§ GIVEN DATA

*** Block opens ***

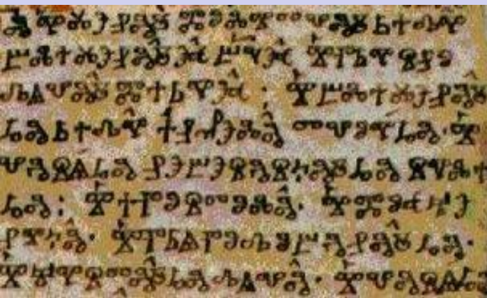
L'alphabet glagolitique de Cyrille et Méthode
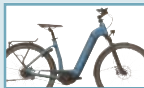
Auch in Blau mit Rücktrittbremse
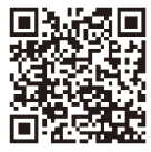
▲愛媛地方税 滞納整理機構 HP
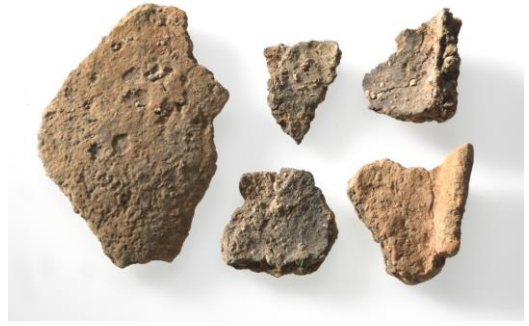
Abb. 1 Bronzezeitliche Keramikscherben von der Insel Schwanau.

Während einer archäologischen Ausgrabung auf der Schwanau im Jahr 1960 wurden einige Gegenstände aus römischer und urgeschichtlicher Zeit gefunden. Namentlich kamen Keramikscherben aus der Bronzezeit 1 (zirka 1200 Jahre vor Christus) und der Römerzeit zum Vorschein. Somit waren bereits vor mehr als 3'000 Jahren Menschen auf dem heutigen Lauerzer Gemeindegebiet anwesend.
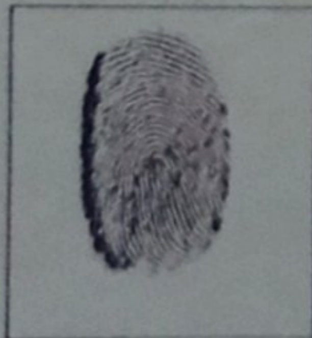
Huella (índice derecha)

*** Block closes ***
*** Block opens ***

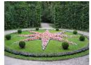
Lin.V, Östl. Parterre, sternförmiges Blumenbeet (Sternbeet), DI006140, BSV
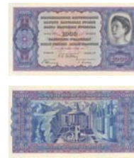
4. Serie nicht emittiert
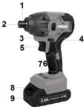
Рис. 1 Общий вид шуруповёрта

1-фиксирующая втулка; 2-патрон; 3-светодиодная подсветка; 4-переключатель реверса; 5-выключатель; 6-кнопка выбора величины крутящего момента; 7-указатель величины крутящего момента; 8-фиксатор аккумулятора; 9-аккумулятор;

*** Block closes ***
*** Block opens ***

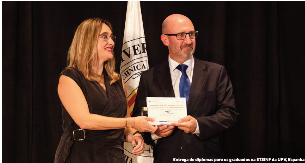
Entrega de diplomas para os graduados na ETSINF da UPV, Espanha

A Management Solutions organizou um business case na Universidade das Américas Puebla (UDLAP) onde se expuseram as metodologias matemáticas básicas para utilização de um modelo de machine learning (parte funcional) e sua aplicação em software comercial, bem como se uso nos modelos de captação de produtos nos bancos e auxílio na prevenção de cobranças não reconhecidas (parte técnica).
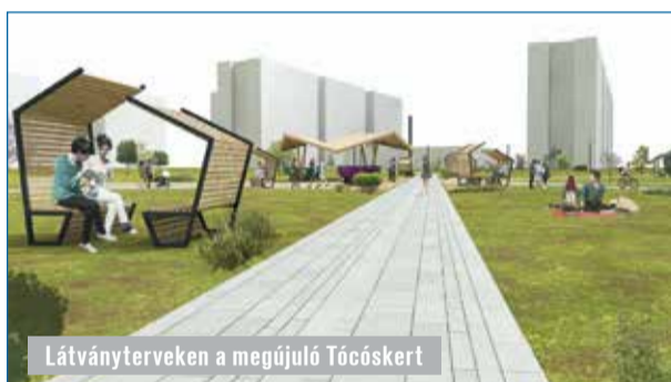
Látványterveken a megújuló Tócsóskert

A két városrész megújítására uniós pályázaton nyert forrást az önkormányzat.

*** Block closes ***

§ TASK ITEM
Reproduce the listing above only between the lines holding "L'alphabet glagolitique de Cyrille et Méthode" and "Huella (índice derecha)", inclusive. Every line must match exactly, and pictures are dropped.

§ SOLUTION TO THIS EXERCISE
L'alphabet glagolitique de Cyrille et Méthode
Auch in Blau mit Rücktrittbremse
▲愛媛地方税 滞納整理機構 HP
Abb. 1 Bronzezeitliche Keramikscherben von der Insel Schwanau.

Während einer archäologischen Ausgrabung auf der Schwanau im Jahr 1960 wurden einige Gegenstände aus römischer und urgeschichtlicher Zeit gefunden. Namentlich kamen Keramikscherben aus der Bronzezeit 1 (zirka 1200 Jahre vor Christus) und der Römerzeit zum Vorschein. Somit waren bereits vor mehr als 3'000 Jahren Menschen auf dem heutigen Lauerzer Gemeindegebiet anwesend.
Huella (índice derecha)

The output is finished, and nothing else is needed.